Forever Young: Gatorade and Pillsbury Doughboy Turn 50

Yes, Boomers, the Pillsbury Doughboy turns 50 this October, and University of Florida researchers created Gatorade that same year, 1965.

Today, Gatorade can be found on the sidelines of more than 70 Division I colleges as the official sports drink of men’s and women’s intercollegiate sports. In 1983, Gatorade became the official sports drink of the NFL. It has also become the official sports drink of the NBA, PGA, Major League Baseball, and many other elite and professional organizations and teams.

Since 1965, Pillsbury has used Doughboy in more than 600 commercials for more than 50 of its products. In addition to serving as the face of numerous Pillsbury refrigerated dough products, the Doughboy, aka Poppin’ Fresh has woven itself into popular culture, including references in sitcoms like Big Bang Theory and The Simpsons; serving as the model for the Stay Puft Marshmallow Man in Ghostbusters; and appearing in the GEICO ad series, “Get Happy, Get GEICO,” with the tagline, “happier than the Pillsbury doughboy on his way to a baking convention.”

Clearly, these are two successful and persistent brands—both from a product development and a marketing perspective. Which begs the question: What can we learn from them in order to help our brands remain relevant during changing times?

I think the answer is as simple—and as complex—as what I fondly refer to as the ABC’s of marketing:

ABOUT THE CUSTOMER. If you want to be relevant to those you are trying to reach—whether through a billboard or an editorial—it’s important to know your audience. There is no substitute for market research, especially good ethnographic research, which has been a hallmark of both Gatorade and Pillsbury. In fact, Gatorade’s Sports Science Institute (GSSI), a research facility in Illinois, has been featured in a number of the company’s commercials. GSSI was created not only for the purpose of studying the correlations and effects of exercise and nutrition, but also as a part of Gatorade’s marketing efforts.
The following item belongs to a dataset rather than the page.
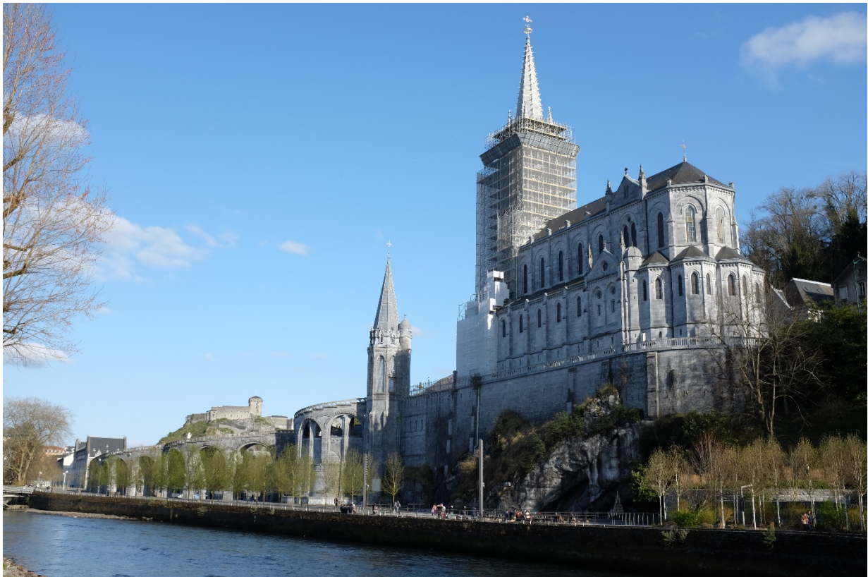
Figure 1 : Sanctuaire Notre Dame de Lourdes, 27 mars 2021

The company’s identification of a consumer need through research allowed them to seize market share that will be difficult for competitors to capture.

As demographics change and more sophisticated means for assessing psychographic impacts emerge, all customers are not created equal from a market research perspective. In 2014 cookie dough market research, Pillsbury quickly learned that although there was strong brand awareness among the “moms” demographic in Canada—interestingly enough 40% who baked recognized the Doughboy from either TV commercials or childhood memories—simply using US-based research insights was insufficient in appropriately positioning the cookie product in Canada.

BUILD THE BRAND (relentlessly). As the pioneer brand in the sports drink category, Gatorade ranks among the top ten brands in the U.S. Liquid Refreshment Beverage market. Even with its amazing story of growth and reinvention, Gatorade has lost market share in recent years to competitors in the “hydration” category, most notably Glaceau Vitaminwater, which Coca Cola bought in 2007. Still, Gatorade controls 79 percent of the sports drink category. The company’s various line extensions—all developed through extensive customer research— have helped sustain that market share. So, too, have the company’s efforts in refreshing and modernizing some of their sub-lines with particular attention to the shift in consumer preference for healthier beverages (e.g., Propel). Carefully managing its brand, the company has discontinued some products that failed to resonate with consumers.

Ranked #86 on Forbes “Most Valuable Brands” list, Gatorade has built its brand over 50 years through research-based product development, the creation of its own category, exceptional marketing, and relentless reinvention and adaptation.

COMBINE ART AND SCIENCE.  Both creativity and data are vital to maintaining brand relevance.

Doughboy was birthed in Rudy Perz’s kitchen, when Perz, who was tasked with creating an ad campaign for Pillsbury’s refrigerated dough products, imagined a blob of dough popping from a crescent roll can and assuming human characteristics. For years, customers have embraced Poppin’ Fresh not only through purchases, but through their engagement with the mascot. According to parent company General Mills, Pillsbury receives over 200 fan letters per week and hundreds of request for autographed photos of Doughboy. Poppin’ Fresh graces the banner of Pillsbury’s Facebook page, which has over 3 million likes.

The art of creation brings us novel brand stories—as 160/90 says on its agency’s website, “. . . told in a compelling way. . . true stories, great stories” with which we connect like Poppin’ Fresh, while data helps us decide whether he gets a tattoo, disappears, or changes his accent when giggling.